ENTRIES SHOWN:
= Beginning of Section =

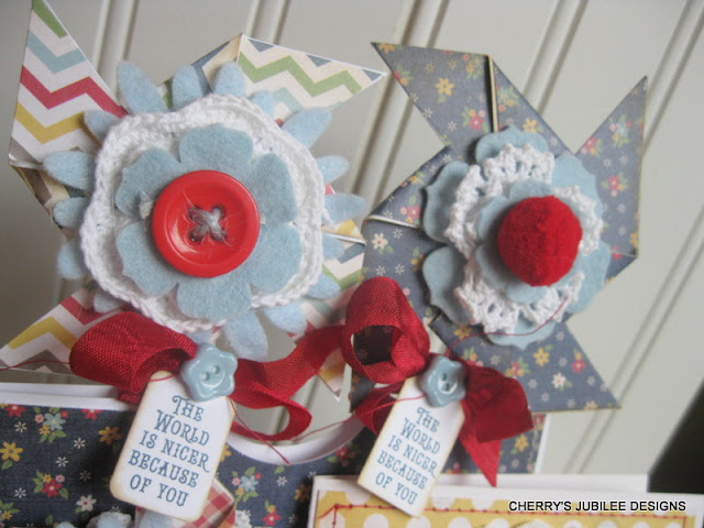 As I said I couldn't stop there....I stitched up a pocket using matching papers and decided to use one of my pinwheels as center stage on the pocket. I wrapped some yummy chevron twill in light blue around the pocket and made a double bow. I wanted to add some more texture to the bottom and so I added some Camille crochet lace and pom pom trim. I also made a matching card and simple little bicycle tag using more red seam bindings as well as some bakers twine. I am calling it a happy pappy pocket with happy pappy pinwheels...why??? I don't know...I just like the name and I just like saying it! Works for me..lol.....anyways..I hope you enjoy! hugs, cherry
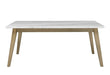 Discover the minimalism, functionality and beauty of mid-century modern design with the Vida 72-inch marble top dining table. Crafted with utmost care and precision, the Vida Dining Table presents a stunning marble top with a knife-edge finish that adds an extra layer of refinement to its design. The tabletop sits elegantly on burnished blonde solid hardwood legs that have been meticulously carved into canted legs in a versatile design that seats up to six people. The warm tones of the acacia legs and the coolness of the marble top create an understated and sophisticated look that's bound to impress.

= End of Section =
= Beginning of Section =

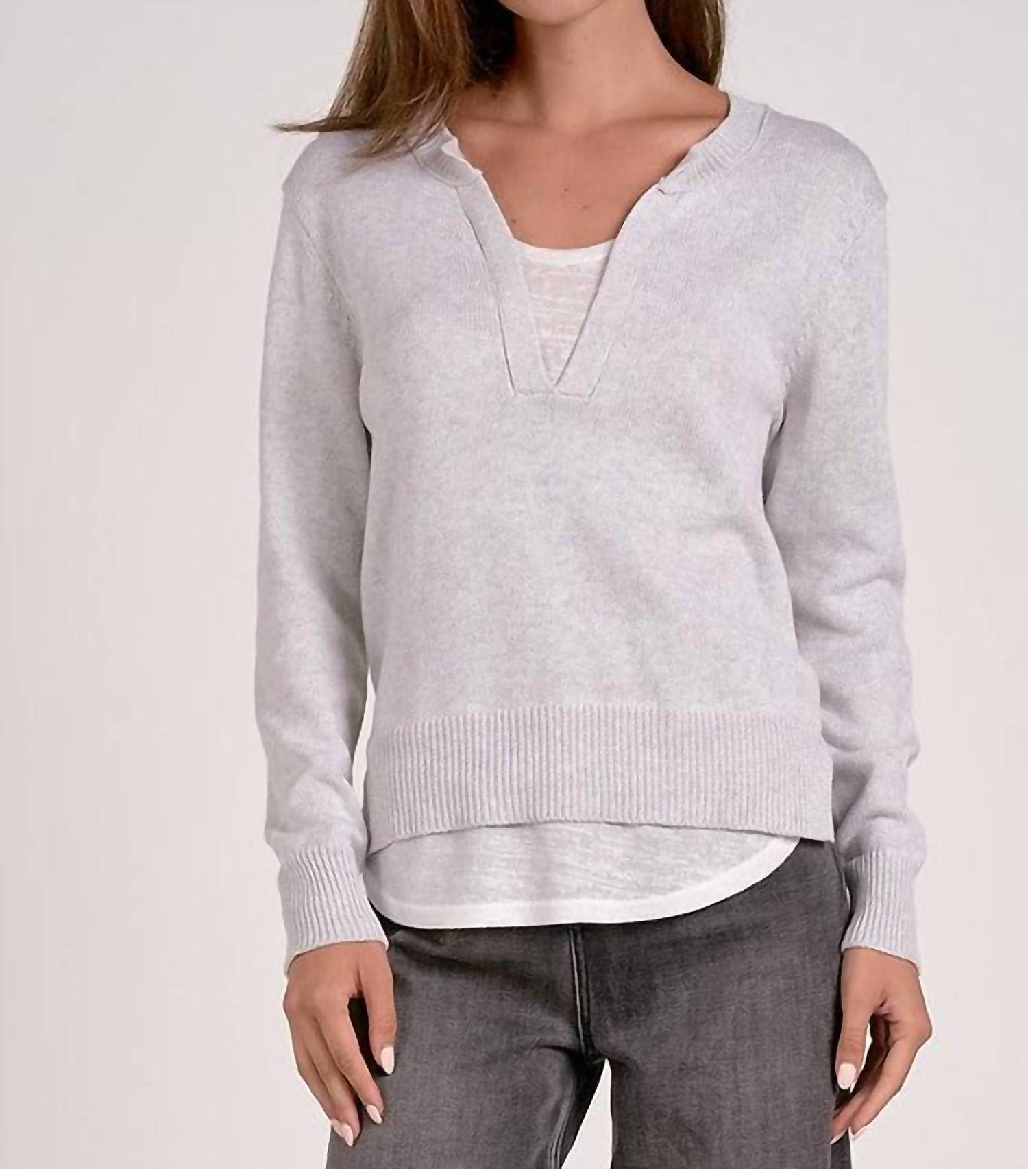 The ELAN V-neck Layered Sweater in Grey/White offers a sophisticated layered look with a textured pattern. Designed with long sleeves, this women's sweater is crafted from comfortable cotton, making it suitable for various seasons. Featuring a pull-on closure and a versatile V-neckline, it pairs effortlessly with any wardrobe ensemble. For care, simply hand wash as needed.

= End of Section =
= Beginning of Section =

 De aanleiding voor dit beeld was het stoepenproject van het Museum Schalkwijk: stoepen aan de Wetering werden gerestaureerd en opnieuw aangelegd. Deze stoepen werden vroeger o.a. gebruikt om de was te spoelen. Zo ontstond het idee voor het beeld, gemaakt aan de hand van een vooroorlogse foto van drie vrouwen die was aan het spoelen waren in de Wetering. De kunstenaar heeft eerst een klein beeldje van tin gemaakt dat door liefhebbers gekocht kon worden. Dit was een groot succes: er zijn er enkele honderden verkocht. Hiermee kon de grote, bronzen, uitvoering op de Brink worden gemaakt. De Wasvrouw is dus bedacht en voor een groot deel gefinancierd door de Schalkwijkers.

= End of Section =

The lines to reproduce run from the one above containing "As I said I" through the one containing "Discover the minimalism, functionality". Copy them exactly and leave out all pictures.

 As I said I couldn't stop there....I stitched up a pocket using matching papers and decided to use one of my pinwheels as center stage on the pocket. I wrapped some yummy chevron twill in light blue around the pocket and made a double bow. I wanted to add some more texture to the bottom and so I added some Camille crochet lace and pom pom trim. I also made a matching card and simple little bicycle tag using more red seam bindings as well as some bakers twine. I am calling it a happy pappy pocket with happy pappy pinwheels...why??? I don't know...I just like the name and I just like saying it! Works for me..lol.....anyways..I hope you enjoy! hugs, cherry
 Discover the minimalism, functionality and beauty of mid-century modern design with the Vida 72-inch marble top dining table. Crafted with utmost care and precision, the Vida Dining Table presents a stunning marble top with a knife-edge finish that adds an extra layer of refinement to its design. The tabletop sits elegantly on burnished blonde solid hardwood legs that have been meticulously carved into canted legs in a versatile design that seats up to six people. The warm tones of the acacia legs and the coolness of the marble top create an understated and sophisticated look that's bound to impress.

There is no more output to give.